---------- RECORDS FOR PROCESSING ----------

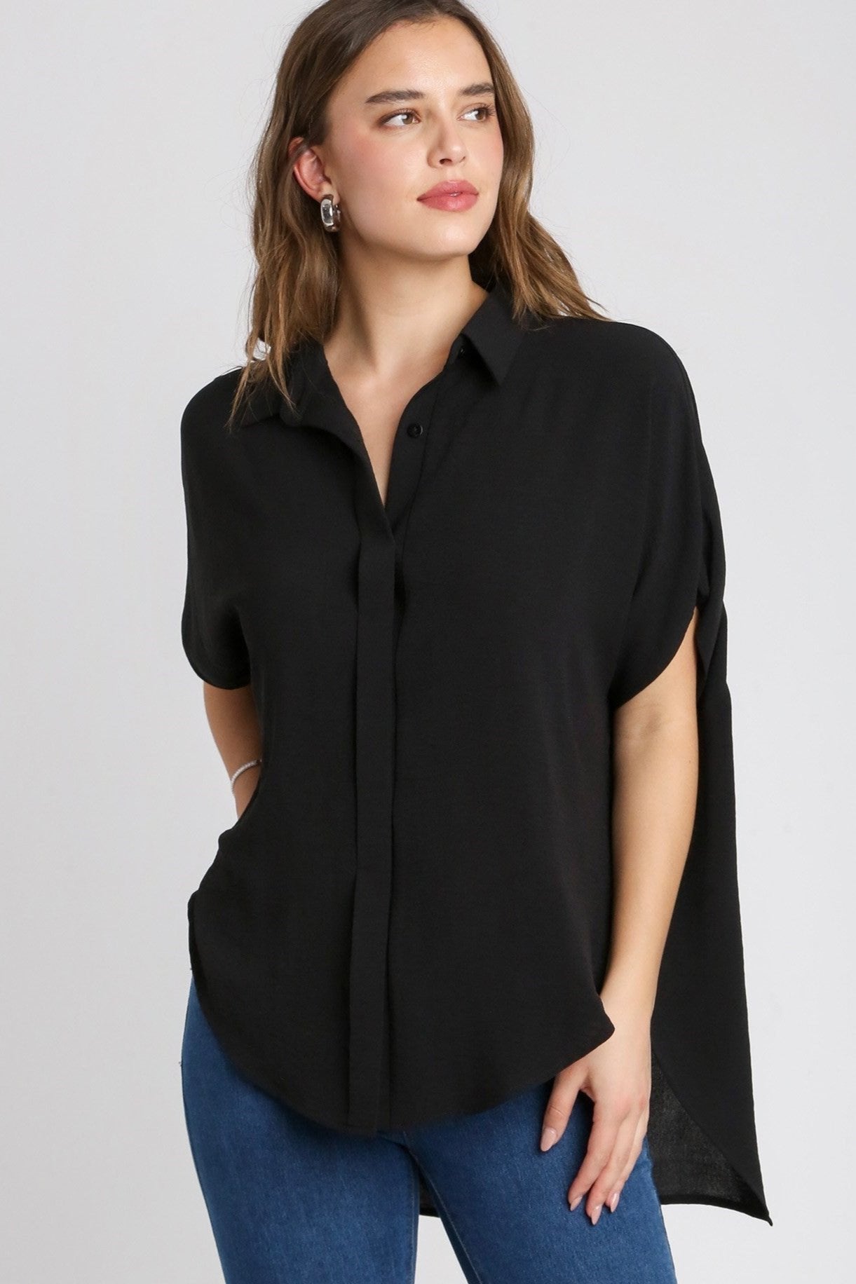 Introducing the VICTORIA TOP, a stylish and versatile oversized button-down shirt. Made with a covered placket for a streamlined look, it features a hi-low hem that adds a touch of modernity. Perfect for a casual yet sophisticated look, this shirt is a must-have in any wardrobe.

----------
---------- RECORDS FOR PROCESSING ----------

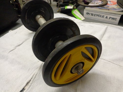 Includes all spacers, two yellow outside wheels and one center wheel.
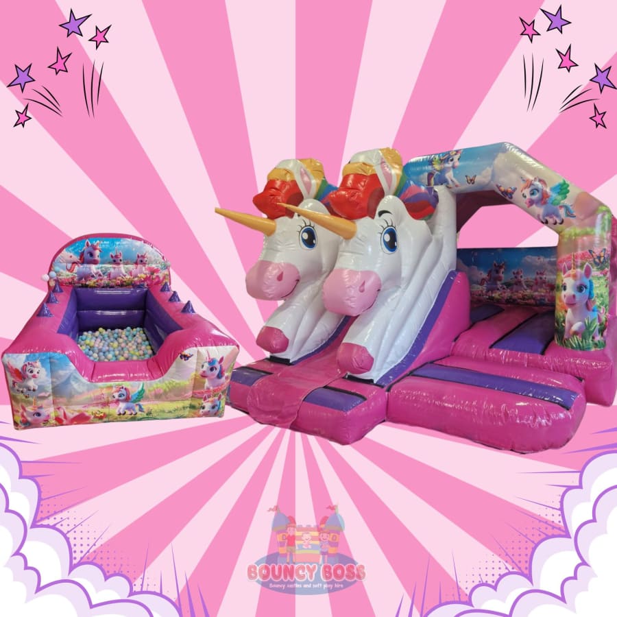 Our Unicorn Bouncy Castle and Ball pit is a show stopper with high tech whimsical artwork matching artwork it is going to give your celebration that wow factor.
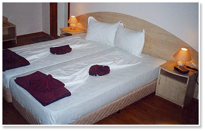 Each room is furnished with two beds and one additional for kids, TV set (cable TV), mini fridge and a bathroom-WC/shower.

----------
---------- RECORDS FOR PROCESSING ----------

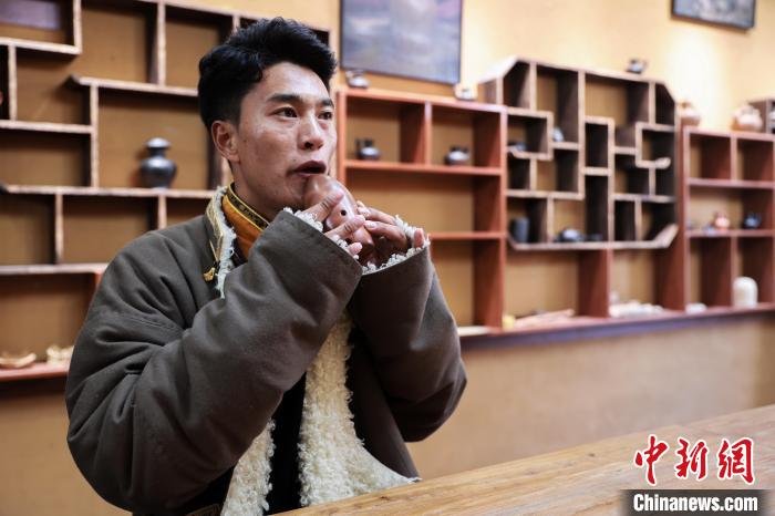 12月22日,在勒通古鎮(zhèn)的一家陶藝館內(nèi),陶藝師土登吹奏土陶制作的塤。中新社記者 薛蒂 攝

----------

» TASK DETAILS: What do the entries above read from the line containing "Our Unicorn Bouncy" through the line containing "Each room is"? Output those lines exactly, both ends included, with the pictures left out.

» RESULT OF THIS EXERCISE:
 Our Unicorn Bouncy Castle and Ball pit is a show stopper with high tech whimsical artwork matching artwork it is going to give your celebration that wow factor.
 Each room is furnished with two beds and one additional for kids, TV set (cable TV), mini fridge and a bathroom-WC/shower.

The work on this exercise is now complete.